Ma che stiano tornando i romanzi sul lavoro? Sul lavoro quello vero, quello che fa sudare la fronte, quello della produzione, della fabbrica? Negli ultimi mesi ne ricordo tre. Il primo è Mammut di Antonio Pennacchi (Mondadori), narrativamente di gran lunga il più solido, che però in realtà è la riproposta di un libro scritto nel 1987 e pubblicato la prima volta nel 1994, riesumato oggi in seguito alla definitiva affermazione del suo autore. Il secondo è Romanzo reale di Lauro Venturi (Este), una bella storia di fabbrica e di azienda padronale italiana. Adesso ho in mano l’ultimo libro di Edoardo Nesi, Storia della mia gente (Bompiani), vincitore del Premio Strega 2011, uno dei successi letterari della stagione. Nesi vi rievoca le vicende della sua azienda di famiglia, uno storico lanificio pratese, che la famiglia nel 2004 ha venduto.
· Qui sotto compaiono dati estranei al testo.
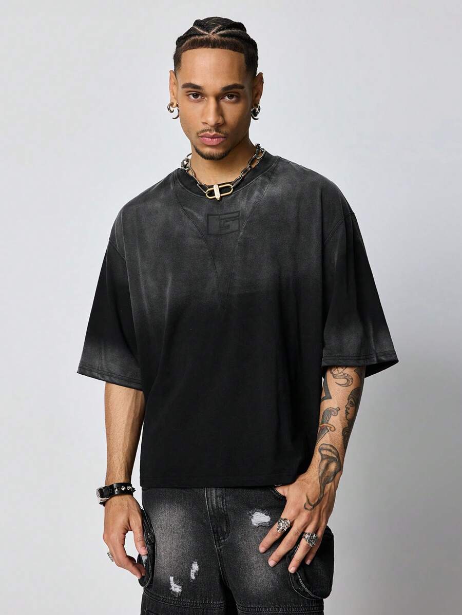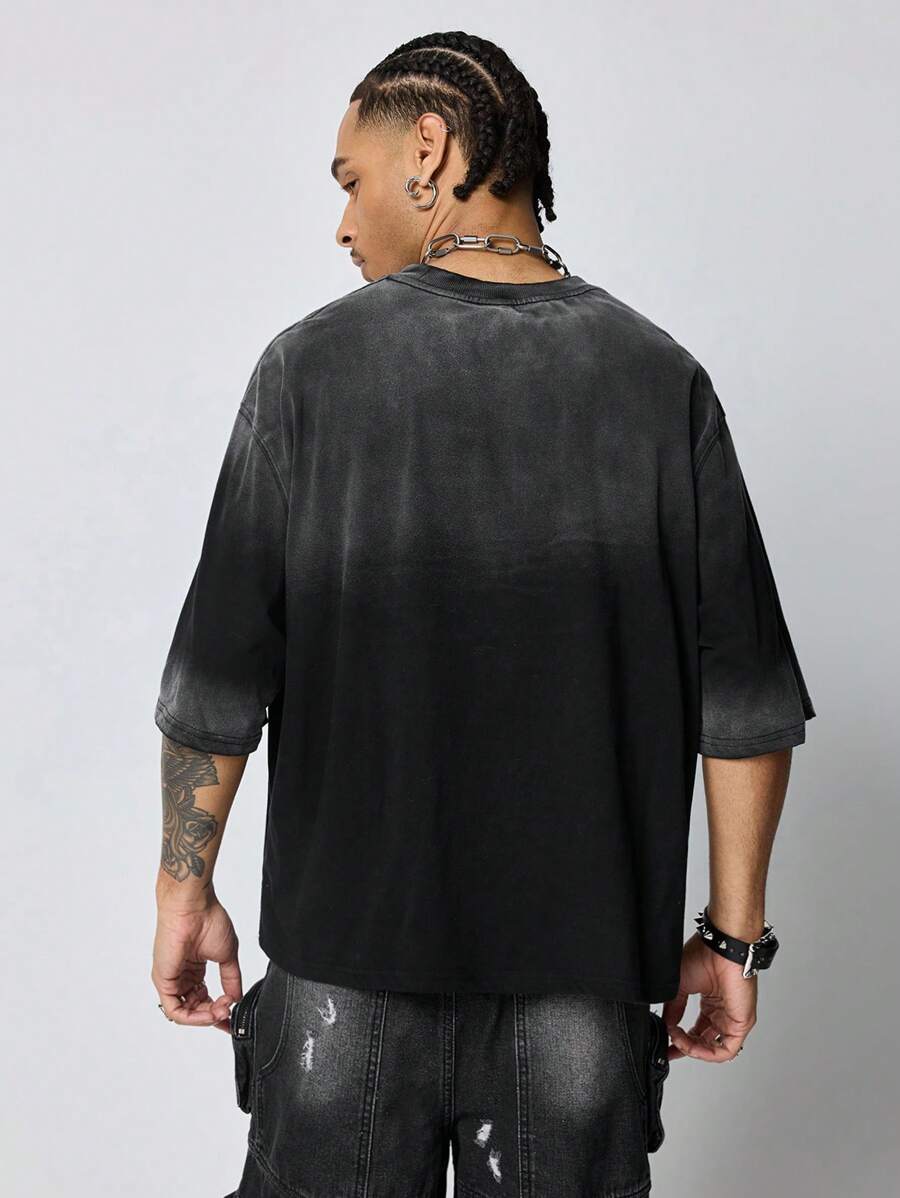 Street Life Men's Grunge Bleached Splattered Graphic Short Sleeve T-Shirt, Loose And Cropped

Prima che finisse travolto dal declino del tessile italiano di Prato assediato dai cinesi. In realtà, Nesi più che “raccontare” la storia della sua gente si limita ad evocarla a pennellate impressionistiche, o a sintetizzarla per veloci carrellate cinematografiche. E per lo più preferisce soffermarsi su Scott Fitzgerald e altri ricordi letterari, sulla Versilia dei tempi d’oro, sulla colonna sonora della storia, da Bob Dylan ai Led Zeppelin; o dar voce alla rabbia verso le scelte di politica industriale sbagliate che hanno costretto alla fine tante storie industriali italiane. Per poi mostrarsi capace di squarci narrativi pazzeschi, che danno una morsa allo stomaco, come la visita a uno dei capannoni industriali dismessi dove oggi si produce il tessile cinese “made in Italy”, o la descrizione al rallentatore di un gesto banale, insignificante, che a una pompa di benzina uscita come da un quadro di Hopper incendia e fa esplodere l’odio xenofobo. Un’occasione forse realizzata solo in parte, ma un libro comunque da leggere.